95 So. 30 | Ala. | 1922
Plaintiff (appellee) stated his cause of action in several different counts. He sought to recover of the sheriff and his official bondsmen damages for taking an automobile, the property of plaintiff, under process against the Home Steam Laundry. This process, an execution, had issued in a cause entitled H. O. Reno, a partnership composed of Harry D. and Harry O. Reno, versus Home Steam Laundry; defendant in that cause not being otherwise described in the summons and complaint or judgment.
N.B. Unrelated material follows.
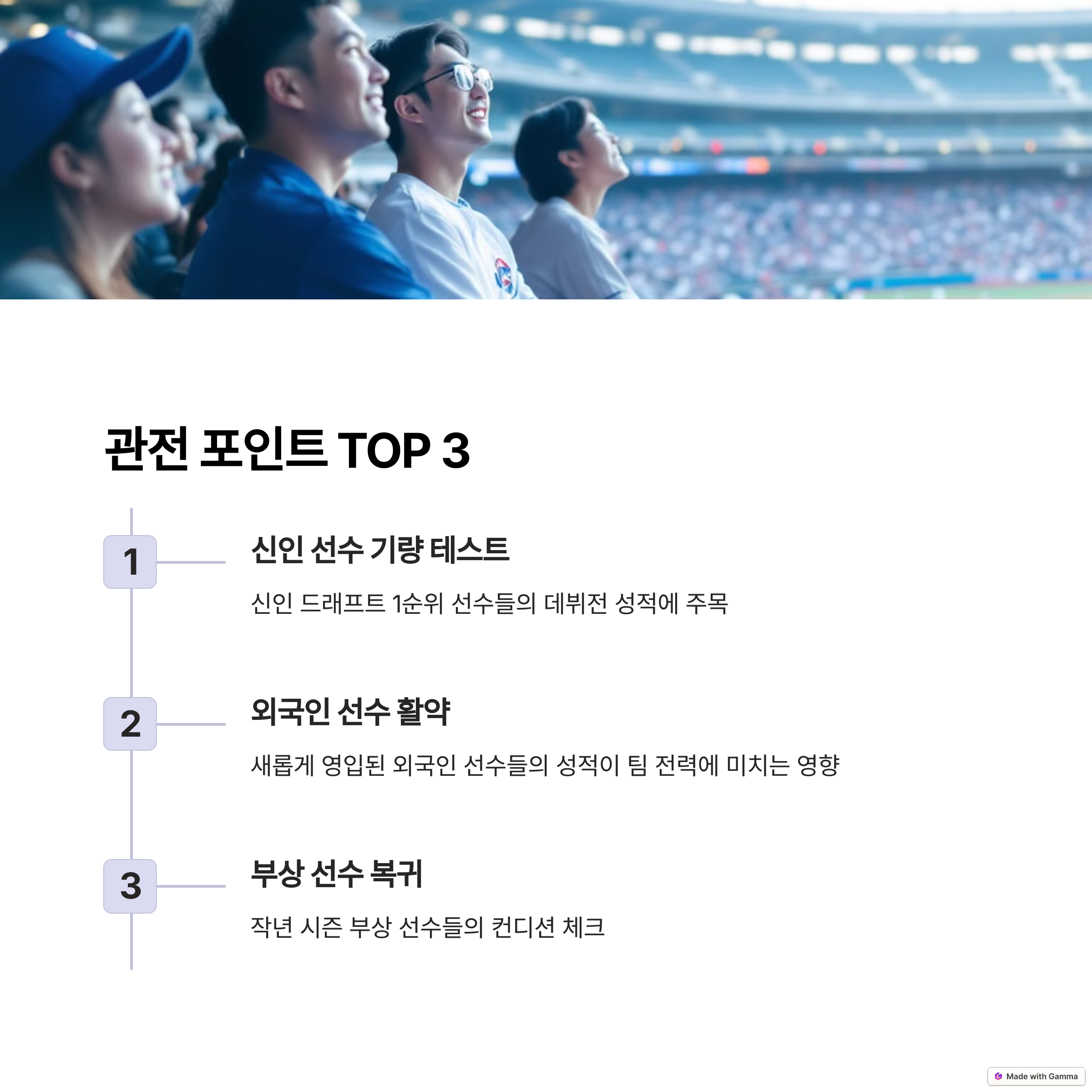 시범경기에서는 기량 점검뿐만 아니라 팀 간의 심리전도 펼쳐집니다. 특히 팀별 주요 선수들의 컨디션과 신인 선수의 활약상이 팬들의 관심을 모을 것입니다.
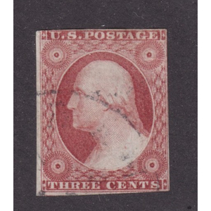 A stunner #11A, U.S. 3¢ 1851-57, plated as 91R1L, bottom row copy with left sheet margin, 4 margins, Relief B, color confirmed as Experimental Orange Brown (EOB), signed by noted expert W. Wilson Hulme on reverse, confirming color as EOB.

The service in that cause was shown by the sheriff's return indorsed on the summons as follows:
"I have executed the within by handing a copy of the same to Home Steam Laundry, served on Walter L. Clanton, manager, this 23d day of February, 1920. J. V. May, Sheriff, by T. W. McGuthra, Deputy Sheriff."
The record of that cause showed a judgment by default. On the trial of the pending cause the court held the judgment in the former cause void and gave the general charge for plaintiff, leaving the jury to assess damages.
We have quoted the sheriff's return in order that appellant may have the record to show a full statement of his case; but the court is of opinion that it was not for the sheriff to determine the capacity in which the so-called defendant was sued, or by his return to give authority or direction to the pleadings in the cause. Ferrell v. Ross,
The record of the former action showed no judgment against the plaintiff in this. *589
Plaintiff was not named as a defendant and there could be no judgment against him. This results, we think, from familiar principles. Had the former suit been brought against a suable entity, perhaps parol evidence would have been admissible to show his identity with this plaintiff. Tarleton v. Pollard,
Affirmed.
All the Justices concur, except GARDNER, J., who dissents.